Dear Amy: My fiancé and I have been together for six years. Recently, he has been withdrawn and acting out, drinking excessively and not going to work.
I tried to talk to him about his behavior, with no response.
I decided that it was time to snoop around, so I looked at his cellphone records. On an evening when he told me that he was out with his cousin on business, I noticed many calls to the same number very late into the night.
I called the number and was stunned to be connected to a woman’s voice mail (this woman is a friend of a friend).
When I confronted my fiancé, he admitted that he was with her for business. When I asked him why he would call her so many times late into the night, he admitted that he was flirting with her but assured me that nothing happened.
Now he is upset with me because I snooped.
I feel that no man in a committed relationship has any business meeting a woman for cocktails and harmless flirting.
Am I wrong? Should I believe him?
– Heartbroken
Dear Heartbroken: There is nothing wrong with cocktails and harmless flirting. But this was cocktails and HARMFUL flirting, accompanied by snooping and lying and the tossing of a red herring into the mix.
What gives? Why is your fiancé drinking and staying home from work? Why is he flirting with someone else when he could be flirting with you? Your fiancé is leveling this snooping charge at you because he wants to divert you from the real issue, which is his behavior. You two really need to talk.
…
Dear Amy: I was surprised by your response to “Frustrated Student,” the college student whose mother was dating another student while in the process of a divorce.

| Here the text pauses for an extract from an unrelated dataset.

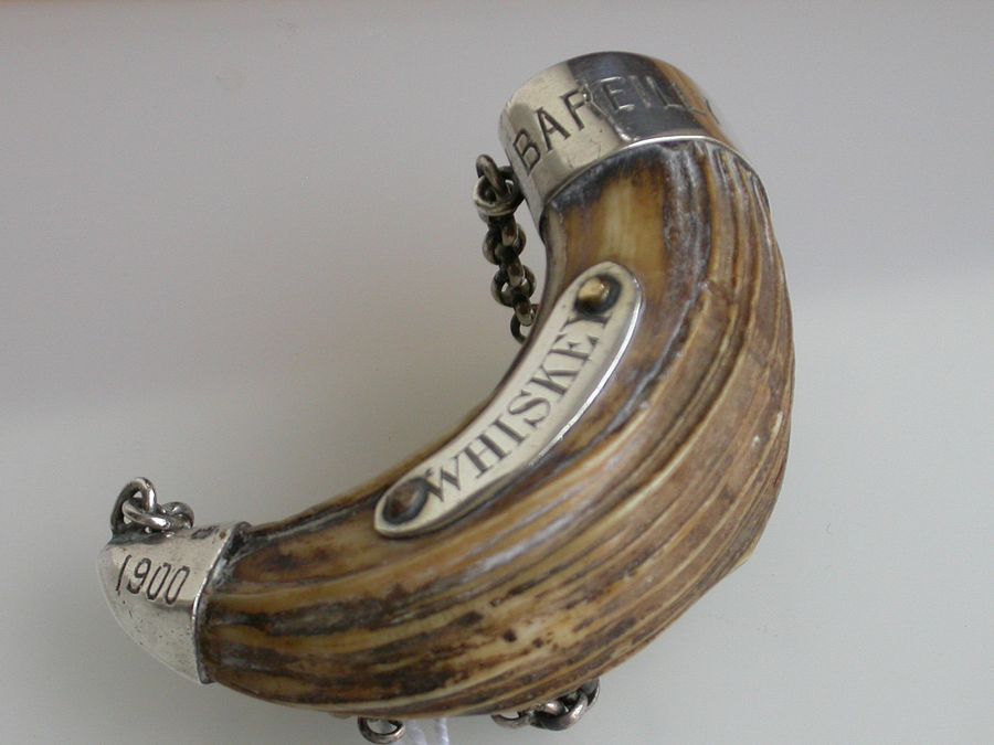 An interesting pair of Victorian/Edwardian silver mounted Boars Tusk Wine Labels, with crescent shaped silver plaques engraved for Whiskey & Sherry, the tusks carved to fit inside the silver mounts which are engraved 'Bareilly' and '1900' (Bareilly is a prominent city in Northern India).

In most states, the standard process for divorcing involves a formal legal separation that often splits assets and almost always involves separate households, followed by a legally mandated period (which can be as long as two years) before the “divorce” is final.
I doubt that you really intended to advise that it is improper for a person who is fully separated to wait up to two years to “date.” What possible reason could there be for that?
Please reconsider this advice.
– Anonymous
Dear Anonymous: I agree with you (and other readers who took issue with my answer to “Frustrated Student”). What was I thinking?
I do believe that in a divorce the custodial parent has a special burden to put the kids’ interests first. Clearly in this case the daughter was upset by her mother’s interest in this gentleman. While I did say that this mom shouldn’t be dating before she was divorced, I also said that this college student would have to get over it, and I do stand by that statement.
…
Dear Amy: My husband does many of the household chores and he berates me for not doing them to HIS standards. For example, he was not feeling very well this past weekend, so I did the grocery shopping. My husband was furious at me for bringing home items that weren’t on his list. I almost never go grocery shopping because he chides me for getting “impulse” items.
Along with the grocery shopping, my husband does almost all of the cooking, and I’m not allowed in the kitchen.
While I have to do the dishes – and he does make a mess in the kitchen – I wouldn’t have it any other way.
By the way, did I tell you that he also does the laundry?
– Lucky Lady in Michigan
Dear Lucky Lady: While you may consider yourself lucky, I wouldn’t trade places with you for the world. Your husband sounds like a handful.